Your instructions: Using only the entries below, output the lines starting at the one containing "Grey Border White" and ending at the one containing "Het gebogen Topspin", exactly and inclusive of both, omitting the pictures.

Material supplied:
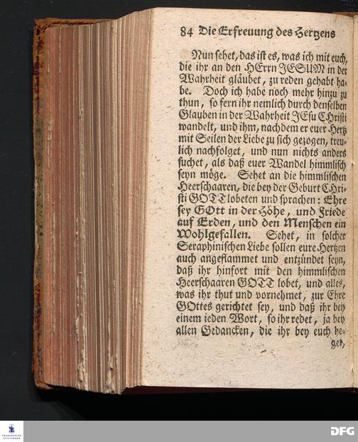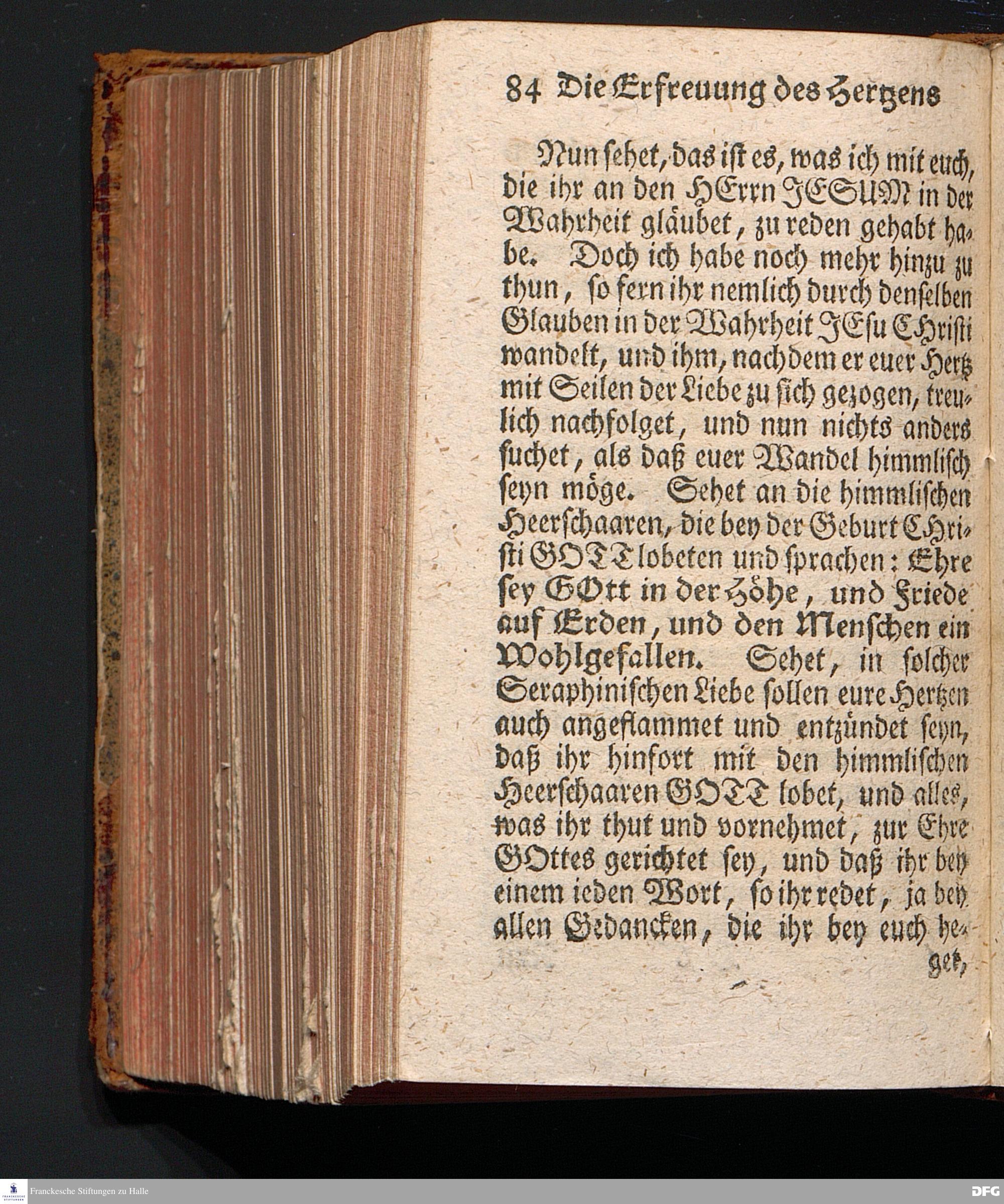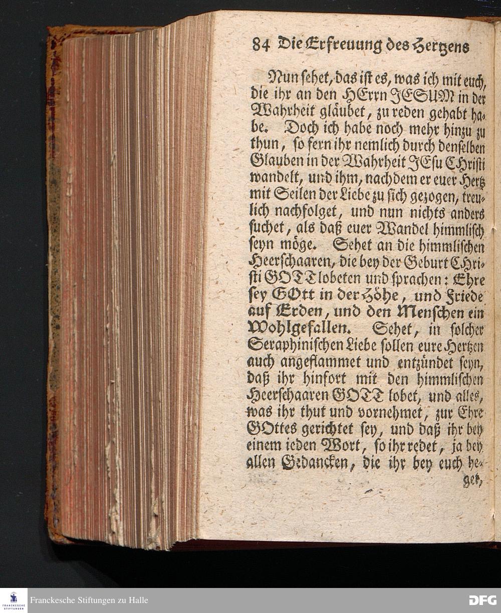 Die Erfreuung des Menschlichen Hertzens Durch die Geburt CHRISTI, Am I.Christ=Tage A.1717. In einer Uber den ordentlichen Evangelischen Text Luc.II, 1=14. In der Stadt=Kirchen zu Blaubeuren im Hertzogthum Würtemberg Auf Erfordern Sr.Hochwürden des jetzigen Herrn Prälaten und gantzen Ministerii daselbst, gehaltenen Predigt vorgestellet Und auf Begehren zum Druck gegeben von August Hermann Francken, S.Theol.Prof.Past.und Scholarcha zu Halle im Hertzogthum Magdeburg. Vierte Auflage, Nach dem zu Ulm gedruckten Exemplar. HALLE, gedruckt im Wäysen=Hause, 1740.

==

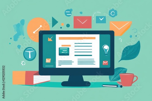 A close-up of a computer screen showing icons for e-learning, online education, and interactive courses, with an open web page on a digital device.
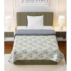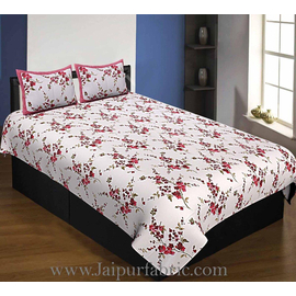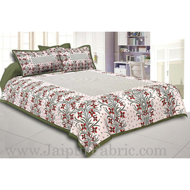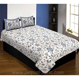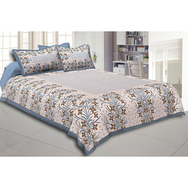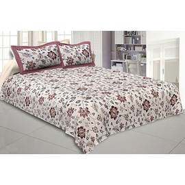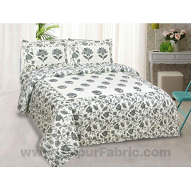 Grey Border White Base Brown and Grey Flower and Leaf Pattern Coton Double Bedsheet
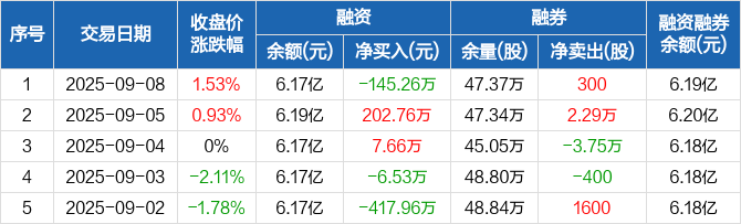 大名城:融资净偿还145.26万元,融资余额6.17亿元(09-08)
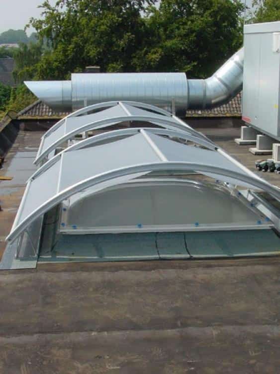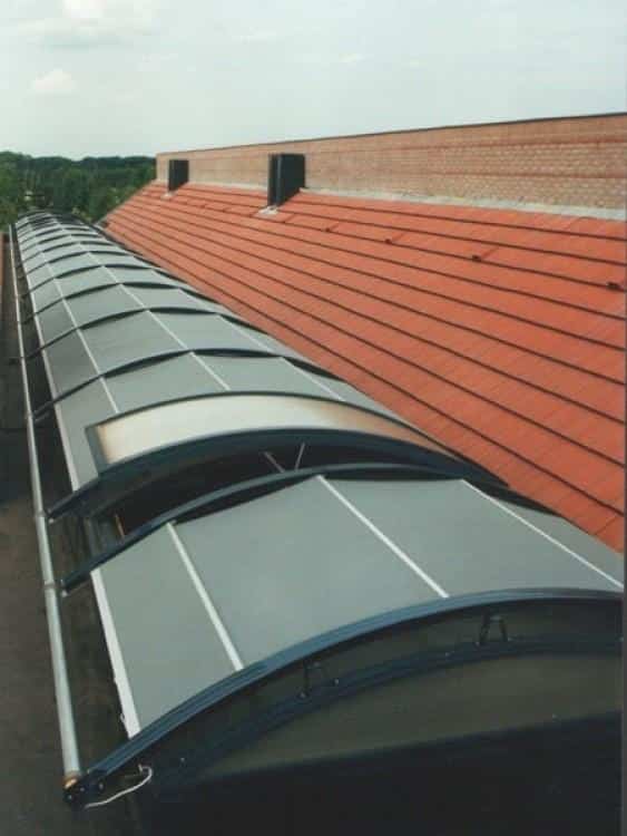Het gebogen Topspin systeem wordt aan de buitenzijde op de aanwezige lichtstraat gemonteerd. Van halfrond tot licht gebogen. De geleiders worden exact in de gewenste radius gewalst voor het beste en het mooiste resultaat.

==

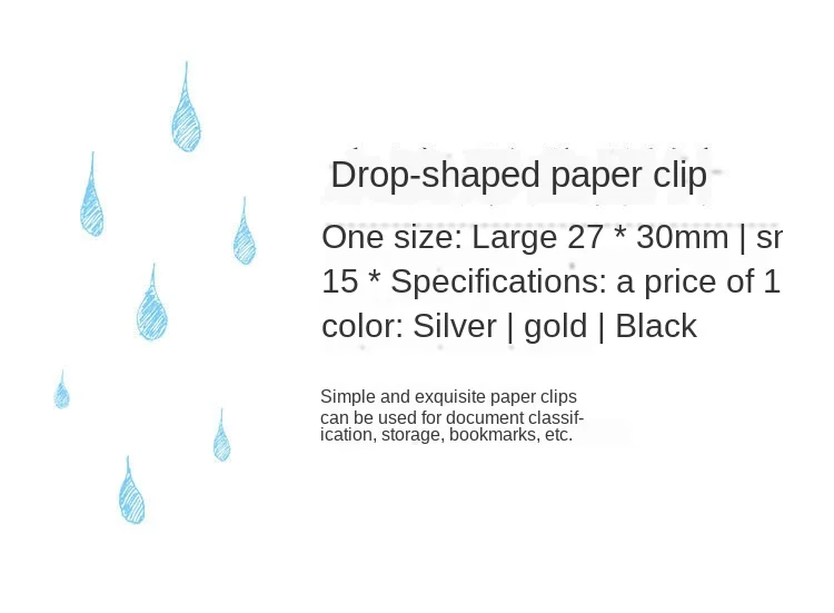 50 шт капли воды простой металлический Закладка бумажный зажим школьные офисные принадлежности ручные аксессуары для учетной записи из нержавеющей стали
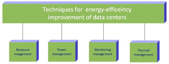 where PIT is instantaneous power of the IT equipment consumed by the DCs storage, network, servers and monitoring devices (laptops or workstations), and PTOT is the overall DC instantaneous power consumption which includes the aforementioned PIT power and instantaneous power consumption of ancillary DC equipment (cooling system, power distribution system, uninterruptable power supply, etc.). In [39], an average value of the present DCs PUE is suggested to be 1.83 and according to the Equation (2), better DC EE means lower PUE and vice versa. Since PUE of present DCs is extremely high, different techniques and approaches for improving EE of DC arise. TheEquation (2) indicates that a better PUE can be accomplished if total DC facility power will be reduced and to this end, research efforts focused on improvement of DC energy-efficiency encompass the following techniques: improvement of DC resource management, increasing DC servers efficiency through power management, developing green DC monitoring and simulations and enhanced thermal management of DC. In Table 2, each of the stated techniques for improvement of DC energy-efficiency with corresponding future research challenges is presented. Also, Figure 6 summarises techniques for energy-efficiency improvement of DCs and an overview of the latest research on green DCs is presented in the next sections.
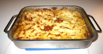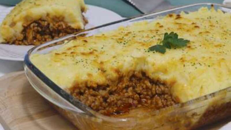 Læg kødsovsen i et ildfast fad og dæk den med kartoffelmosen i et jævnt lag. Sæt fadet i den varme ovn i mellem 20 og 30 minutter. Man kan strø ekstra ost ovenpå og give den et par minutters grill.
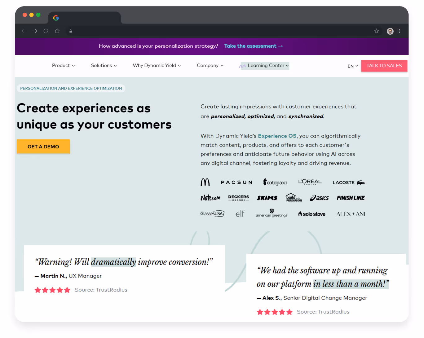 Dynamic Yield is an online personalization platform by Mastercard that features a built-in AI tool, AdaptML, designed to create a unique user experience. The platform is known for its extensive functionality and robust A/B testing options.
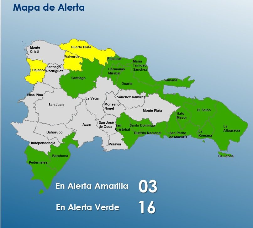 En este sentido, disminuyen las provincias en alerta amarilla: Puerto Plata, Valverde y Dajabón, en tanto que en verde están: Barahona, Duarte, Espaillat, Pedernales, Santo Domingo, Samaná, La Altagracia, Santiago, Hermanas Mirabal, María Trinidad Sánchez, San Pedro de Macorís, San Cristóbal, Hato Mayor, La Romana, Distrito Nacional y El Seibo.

Reply to the task:
 Grey Border White Base Brown and Grey Flower and Leaf Pattern Coton Double Bedsheet
 大名城:融资净偿还145.26万元,融资余额6.17亿元(09-08)
Het gebogen Topspin systeem wordt aan de buitenzijde op de aanwezige lichtstraat gemonteerd. Van halfrond tot licht gebogen. De geleiders worden exact in de gewenste radius gewalst voor het beste en het mooiste resultaat.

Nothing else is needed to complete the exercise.